Look for "新華社記者" in the records and copy every line that has it.

Collected data entries:

■ ■ ■

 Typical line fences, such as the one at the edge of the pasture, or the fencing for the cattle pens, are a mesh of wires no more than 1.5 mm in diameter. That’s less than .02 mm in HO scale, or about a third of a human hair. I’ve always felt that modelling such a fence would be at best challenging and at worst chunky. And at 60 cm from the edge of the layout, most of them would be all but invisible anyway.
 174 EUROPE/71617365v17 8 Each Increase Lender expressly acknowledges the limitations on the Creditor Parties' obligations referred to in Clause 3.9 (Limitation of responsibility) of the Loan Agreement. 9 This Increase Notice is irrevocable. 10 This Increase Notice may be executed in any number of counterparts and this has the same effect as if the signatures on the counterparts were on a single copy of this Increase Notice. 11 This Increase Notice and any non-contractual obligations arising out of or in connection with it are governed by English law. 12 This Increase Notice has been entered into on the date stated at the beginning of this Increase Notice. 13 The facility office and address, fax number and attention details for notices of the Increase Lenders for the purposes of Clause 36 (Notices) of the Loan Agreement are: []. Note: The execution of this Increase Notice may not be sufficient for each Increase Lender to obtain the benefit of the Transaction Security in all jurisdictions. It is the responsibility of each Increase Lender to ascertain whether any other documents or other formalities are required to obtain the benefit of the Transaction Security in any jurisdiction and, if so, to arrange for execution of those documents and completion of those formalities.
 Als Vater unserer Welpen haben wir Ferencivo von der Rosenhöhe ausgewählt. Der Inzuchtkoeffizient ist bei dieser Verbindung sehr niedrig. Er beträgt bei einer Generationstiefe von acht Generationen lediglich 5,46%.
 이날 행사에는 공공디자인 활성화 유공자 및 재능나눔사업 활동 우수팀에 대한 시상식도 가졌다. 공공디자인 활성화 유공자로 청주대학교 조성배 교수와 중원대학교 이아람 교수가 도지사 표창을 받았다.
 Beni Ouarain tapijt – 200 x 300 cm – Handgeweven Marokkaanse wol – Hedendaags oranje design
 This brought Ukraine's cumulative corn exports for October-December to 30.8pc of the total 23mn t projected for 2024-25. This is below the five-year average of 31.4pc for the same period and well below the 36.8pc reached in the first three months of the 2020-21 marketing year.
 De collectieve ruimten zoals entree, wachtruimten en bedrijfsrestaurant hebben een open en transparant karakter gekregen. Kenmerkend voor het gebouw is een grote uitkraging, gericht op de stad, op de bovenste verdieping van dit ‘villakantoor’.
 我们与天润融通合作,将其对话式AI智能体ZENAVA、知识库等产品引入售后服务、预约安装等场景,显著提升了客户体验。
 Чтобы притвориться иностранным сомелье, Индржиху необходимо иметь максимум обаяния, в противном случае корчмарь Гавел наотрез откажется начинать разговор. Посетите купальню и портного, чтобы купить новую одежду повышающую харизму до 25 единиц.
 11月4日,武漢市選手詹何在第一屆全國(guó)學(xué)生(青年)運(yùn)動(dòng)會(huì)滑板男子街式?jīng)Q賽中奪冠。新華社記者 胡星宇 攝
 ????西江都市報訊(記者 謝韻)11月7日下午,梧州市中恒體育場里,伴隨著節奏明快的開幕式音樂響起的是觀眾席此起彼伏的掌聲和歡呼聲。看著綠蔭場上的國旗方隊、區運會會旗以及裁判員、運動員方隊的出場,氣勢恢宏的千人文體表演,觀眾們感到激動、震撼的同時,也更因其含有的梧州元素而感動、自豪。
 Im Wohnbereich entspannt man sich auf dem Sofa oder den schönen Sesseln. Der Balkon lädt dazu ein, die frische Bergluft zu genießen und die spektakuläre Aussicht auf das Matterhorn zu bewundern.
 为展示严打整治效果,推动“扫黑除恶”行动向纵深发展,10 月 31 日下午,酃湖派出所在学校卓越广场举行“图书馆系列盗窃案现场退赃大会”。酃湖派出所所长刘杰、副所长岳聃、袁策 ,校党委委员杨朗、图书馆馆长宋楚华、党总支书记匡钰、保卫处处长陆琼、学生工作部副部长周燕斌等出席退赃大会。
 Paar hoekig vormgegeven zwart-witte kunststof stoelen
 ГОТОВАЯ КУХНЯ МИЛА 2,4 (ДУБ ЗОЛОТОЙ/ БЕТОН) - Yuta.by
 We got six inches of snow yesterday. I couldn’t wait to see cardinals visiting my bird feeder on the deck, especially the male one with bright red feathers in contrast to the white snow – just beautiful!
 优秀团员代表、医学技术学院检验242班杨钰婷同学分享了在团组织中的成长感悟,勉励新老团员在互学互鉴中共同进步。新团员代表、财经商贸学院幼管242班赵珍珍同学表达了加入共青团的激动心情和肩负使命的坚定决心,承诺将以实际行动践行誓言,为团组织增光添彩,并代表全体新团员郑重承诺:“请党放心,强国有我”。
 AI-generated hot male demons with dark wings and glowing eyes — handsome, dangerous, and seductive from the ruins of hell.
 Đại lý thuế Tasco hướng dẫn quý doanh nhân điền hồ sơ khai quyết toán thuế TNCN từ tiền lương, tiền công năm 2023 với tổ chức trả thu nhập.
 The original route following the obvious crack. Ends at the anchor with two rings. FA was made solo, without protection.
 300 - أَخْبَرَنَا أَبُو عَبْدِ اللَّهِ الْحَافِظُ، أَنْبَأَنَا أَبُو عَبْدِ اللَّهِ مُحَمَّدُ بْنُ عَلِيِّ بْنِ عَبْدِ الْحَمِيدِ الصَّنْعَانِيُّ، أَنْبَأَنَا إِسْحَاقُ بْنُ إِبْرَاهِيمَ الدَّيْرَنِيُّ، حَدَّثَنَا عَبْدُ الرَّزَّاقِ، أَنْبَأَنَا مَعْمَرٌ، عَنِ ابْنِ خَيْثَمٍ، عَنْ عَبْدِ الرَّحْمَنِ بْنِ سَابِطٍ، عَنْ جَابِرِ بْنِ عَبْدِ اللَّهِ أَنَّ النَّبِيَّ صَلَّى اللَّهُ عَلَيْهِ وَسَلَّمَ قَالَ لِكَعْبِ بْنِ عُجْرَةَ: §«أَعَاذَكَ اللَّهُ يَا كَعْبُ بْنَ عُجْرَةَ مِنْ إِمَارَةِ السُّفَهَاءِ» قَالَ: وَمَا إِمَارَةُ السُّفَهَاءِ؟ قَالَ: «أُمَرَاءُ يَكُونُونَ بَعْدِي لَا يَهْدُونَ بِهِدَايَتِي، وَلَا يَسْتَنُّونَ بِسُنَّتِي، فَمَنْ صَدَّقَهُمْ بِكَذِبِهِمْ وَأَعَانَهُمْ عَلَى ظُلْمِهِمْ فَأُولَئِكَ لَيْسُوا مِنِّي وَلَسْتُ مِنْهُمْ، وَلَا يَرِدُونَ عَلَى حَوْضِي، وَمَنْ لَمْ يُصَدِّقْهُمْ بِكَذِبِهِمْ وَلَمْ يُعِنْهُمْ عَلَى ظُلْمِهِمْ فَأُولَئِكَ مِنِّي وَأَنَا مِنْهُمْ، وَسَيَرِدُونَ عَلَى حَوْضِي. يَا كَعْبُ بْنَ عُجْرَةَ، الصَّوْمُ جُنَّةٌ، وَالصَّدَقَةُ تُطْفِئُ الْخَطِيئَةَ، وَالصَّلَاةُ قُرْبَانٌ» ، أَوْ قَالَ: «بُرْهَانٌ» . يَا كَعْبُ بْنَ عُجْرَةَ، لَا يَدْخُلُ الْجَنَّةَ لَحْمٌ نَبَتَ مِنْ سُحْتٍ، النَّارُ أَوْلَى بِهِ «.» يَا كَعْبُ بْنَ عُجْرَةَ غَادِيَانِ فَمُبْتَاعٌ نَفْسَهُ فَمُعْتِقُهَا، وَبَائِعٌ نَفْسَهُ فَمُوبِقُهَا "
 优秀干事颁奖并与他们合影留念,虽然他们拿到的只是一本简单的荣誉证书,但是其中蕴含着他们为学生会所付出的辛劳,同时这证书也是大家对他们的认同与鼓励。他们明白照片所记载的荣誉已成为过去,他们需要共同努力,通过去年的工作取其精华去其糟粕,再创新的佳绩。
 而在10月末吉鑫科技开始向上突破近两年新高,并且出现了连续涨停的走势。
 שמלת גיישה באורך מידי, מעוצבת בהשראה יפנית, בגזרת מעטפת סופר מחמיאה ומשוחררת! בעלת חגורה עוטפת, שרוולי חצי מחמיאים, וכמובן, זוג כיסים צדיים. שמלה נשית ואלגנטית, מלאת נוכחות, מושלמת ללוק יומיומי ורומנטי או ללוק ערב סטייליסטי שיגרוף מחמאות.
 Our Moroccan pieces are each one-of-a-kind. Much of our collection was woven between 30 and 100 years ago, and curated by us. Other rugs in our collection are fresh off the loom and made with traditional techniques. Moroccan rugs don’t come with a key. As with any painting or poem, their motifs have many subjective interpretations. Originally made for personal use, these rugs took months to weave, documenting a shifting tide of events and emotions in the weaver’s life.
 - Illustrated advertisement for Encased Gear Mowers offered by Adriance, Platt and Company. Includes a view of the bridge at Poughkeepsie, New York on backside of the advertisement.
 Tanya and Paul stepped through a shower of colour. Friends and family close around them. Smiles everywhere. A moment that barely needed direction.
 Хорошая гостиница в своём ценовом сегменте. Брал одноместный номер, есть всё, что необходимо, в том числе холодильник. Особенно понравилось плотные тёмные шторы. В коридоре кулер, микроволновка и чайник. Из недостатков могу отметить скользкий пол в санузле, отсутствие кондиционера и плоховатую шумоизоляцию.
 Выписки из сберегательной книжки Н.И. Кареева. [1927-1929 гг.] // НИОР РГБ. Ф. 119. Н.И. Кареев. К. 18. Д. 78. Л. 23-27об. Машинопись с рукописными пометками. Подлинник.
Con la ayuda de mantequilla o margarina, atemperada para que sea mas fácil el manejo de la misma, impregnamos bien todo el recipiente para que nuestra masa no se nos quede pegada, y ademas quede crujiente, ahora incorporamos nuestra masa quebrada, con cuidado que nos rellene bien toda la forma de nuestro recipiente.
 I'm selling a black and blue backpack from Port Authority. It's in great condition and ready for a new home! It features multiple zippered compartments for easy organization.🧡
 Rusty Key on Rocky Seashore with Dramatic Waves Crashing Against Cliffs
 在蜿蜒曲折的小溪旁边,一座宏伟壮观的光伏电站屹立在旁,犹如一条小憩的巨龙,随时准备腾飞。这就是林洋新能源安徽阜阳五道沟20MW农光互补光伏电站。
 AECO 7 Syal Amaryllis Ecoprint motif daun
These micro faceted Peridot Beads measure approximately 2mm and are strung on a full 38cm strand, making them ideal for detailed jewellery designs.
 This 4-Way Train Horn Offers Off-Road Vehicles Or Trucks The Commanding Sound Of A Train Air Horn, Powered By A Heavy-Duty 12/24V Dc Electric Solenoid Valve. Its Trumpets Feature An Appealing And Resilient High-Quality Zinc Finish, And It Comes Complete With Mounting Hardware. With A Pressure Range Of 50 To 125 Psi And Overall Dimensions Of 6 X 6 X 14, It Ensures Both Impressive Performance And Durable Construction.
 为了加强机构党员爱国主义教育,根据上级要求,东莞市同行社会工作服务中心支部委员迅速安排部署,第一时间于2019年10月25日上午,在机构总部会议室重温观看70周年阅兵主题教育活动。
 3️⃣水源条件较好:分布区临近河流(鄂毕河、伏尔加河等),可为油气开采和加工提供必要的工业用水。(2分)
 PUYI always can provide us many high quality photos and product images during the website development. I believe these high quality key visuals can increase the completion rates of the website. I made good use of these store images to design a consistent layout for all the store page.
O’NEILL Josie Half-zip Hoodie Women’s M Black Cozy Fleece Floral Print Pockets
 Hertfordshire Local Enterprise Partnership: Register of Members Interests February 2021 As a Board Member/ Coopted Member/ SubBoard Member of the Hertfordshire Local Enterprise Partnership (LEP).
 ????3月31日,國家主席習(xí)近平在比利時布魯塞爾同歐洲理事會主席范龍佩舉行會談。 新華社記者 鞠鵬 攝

■ ■ ■

Output for this exercise:
 11月4日,武漢市選手詹何在第一屆全國(guó)學(xué)生(青年)運(yùn)動(dòng)會(huì)滑板男子街式?jīng)Q賽中奪冠。新華社記者 胡星宇 攝
 ????3月31日,國家主席習(xí)近平在比利時布魯塞爾同歐洲理事會主席范龍佩舉行會談。 新華社記者 鞠鵬 攝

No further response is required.